» WORK REQUIRED
For the listing below, the answer is an exact retyping of the lines from the one with "Myshka Women Black" through the one with "La producción nacional", both included, without pictures.

» GIVEN DATA
►

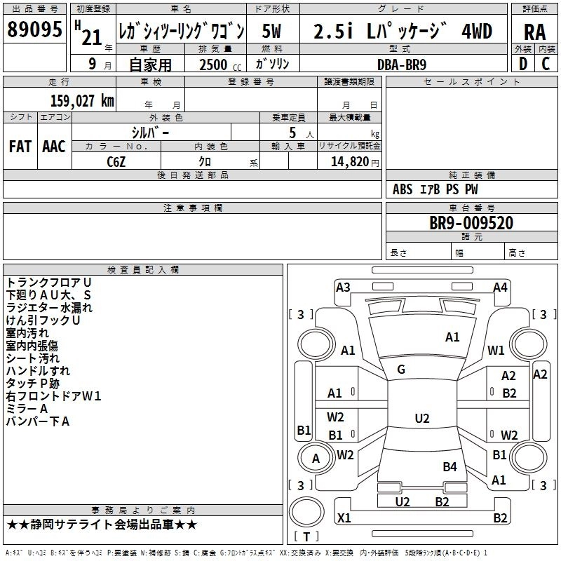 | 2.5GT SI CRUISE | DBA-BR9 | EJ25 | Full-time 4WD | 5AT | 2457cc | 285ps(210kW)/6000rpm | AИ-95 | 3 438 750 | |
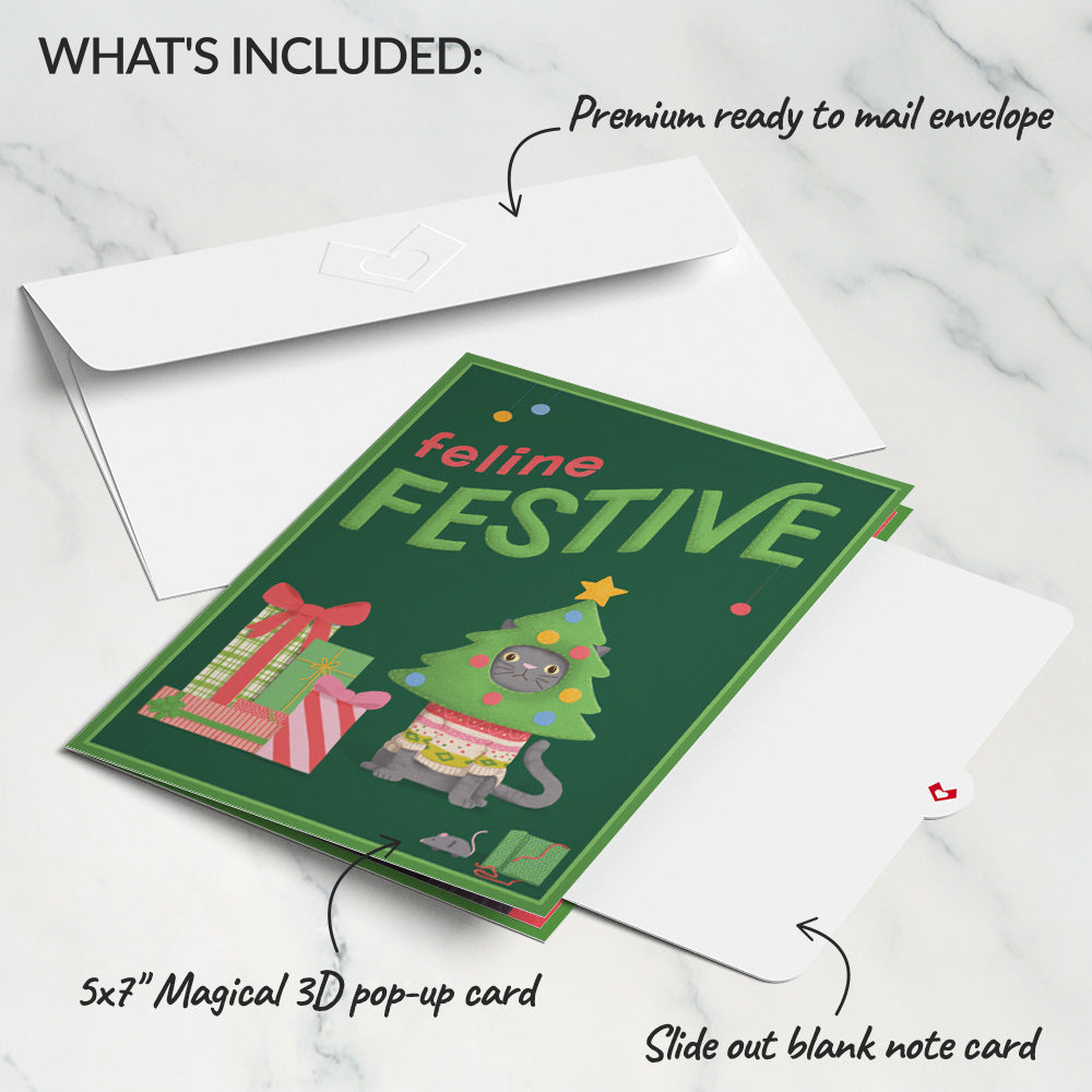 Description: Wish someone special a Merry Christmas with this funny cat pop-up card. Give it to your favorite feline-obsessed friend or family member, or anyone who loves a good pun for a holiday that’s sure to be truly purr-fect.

◄
►

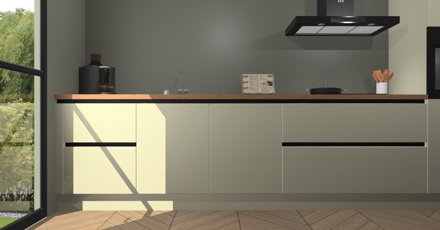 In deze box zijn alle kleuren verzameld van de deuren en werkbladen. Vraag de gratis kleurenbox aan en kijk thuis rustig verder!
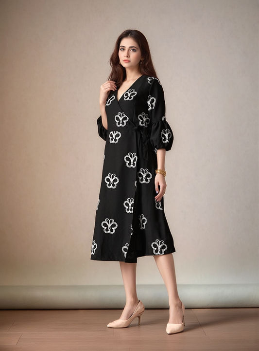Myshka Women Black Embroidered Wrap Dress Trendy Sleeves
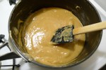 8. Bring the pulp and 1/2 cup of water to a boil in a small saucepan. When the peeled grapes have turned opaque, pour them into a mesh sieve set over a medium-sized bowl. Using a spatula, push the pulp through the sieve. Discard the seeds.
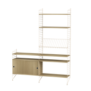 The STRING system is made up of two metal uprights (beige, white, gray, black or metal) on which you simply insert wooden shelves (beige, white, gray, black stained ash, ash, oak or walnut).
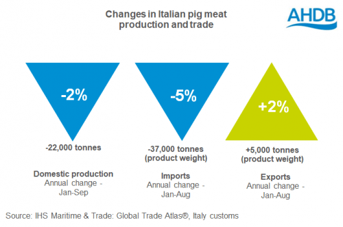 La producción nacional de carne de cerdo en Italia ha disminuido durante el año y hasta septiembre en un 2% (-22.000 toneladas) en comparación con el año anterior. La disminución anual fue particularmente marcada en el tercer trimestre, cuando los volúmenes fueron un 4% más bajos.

◄
►

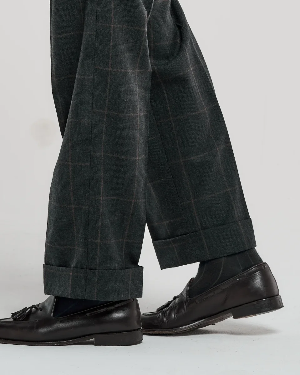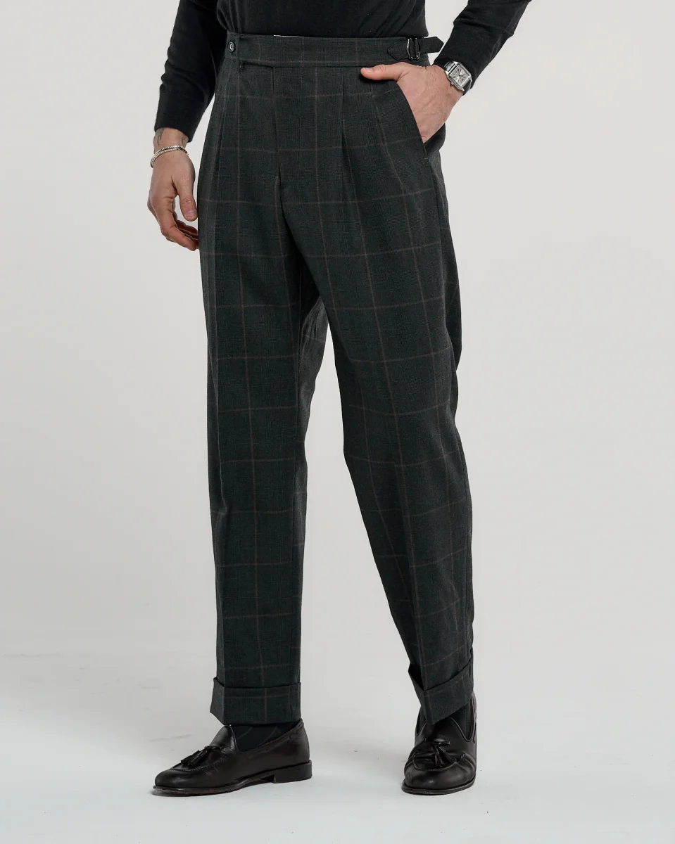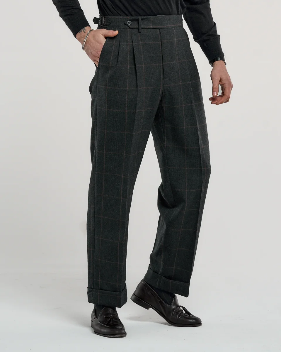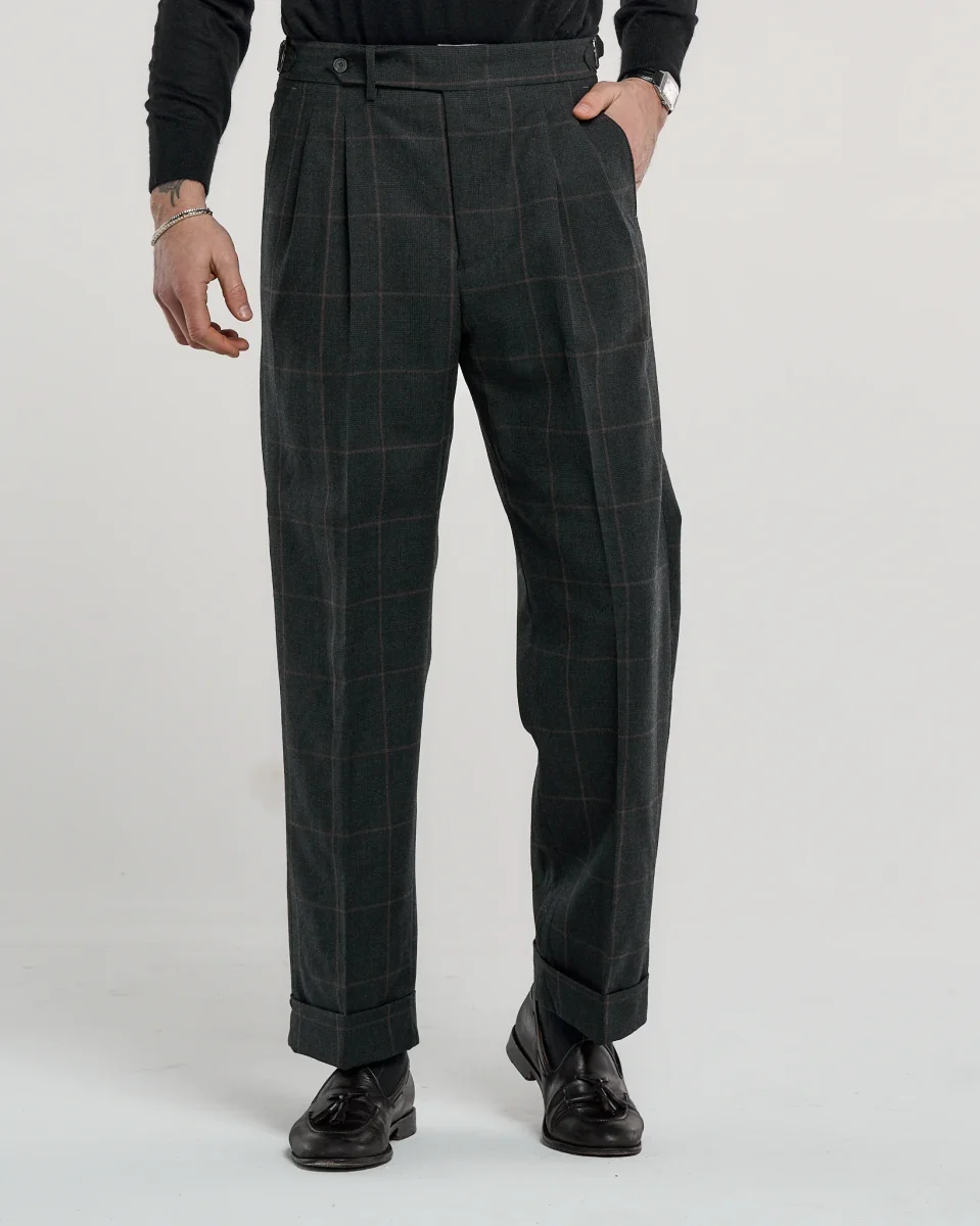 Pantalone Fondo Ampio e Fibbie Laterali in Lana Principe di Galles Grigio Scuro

◄

» ANSWER SPACE
Myshka Women Black Embroidered Wrap Dress Trendy Sleeves
 8. Bring the pulp and 1/2 cup of water to a boil in a small saucepan. When the peeled grapes have turned opaque, pour them into a mesh sieve set over a medium-sized bowl. Using a spatula, push the pulp through the sieve. Discard the seeds.
 The STRING system is made up of two metal uprights (beige, white, gray, black or metal) on which you simply insert wooden shelves (beige, white, gray, black stained ash, ash, oak or walnut).
 La producción nacional de carne de cerdo en Italia ha disminuido durante el año y hasta septiembre en un 2% (-22.000 toneladas) en comparación con el año anterior. La disminución anual fue particularmente marcada en el tercer trimestre, cuando los volúmenes fueron un 4% más bajos.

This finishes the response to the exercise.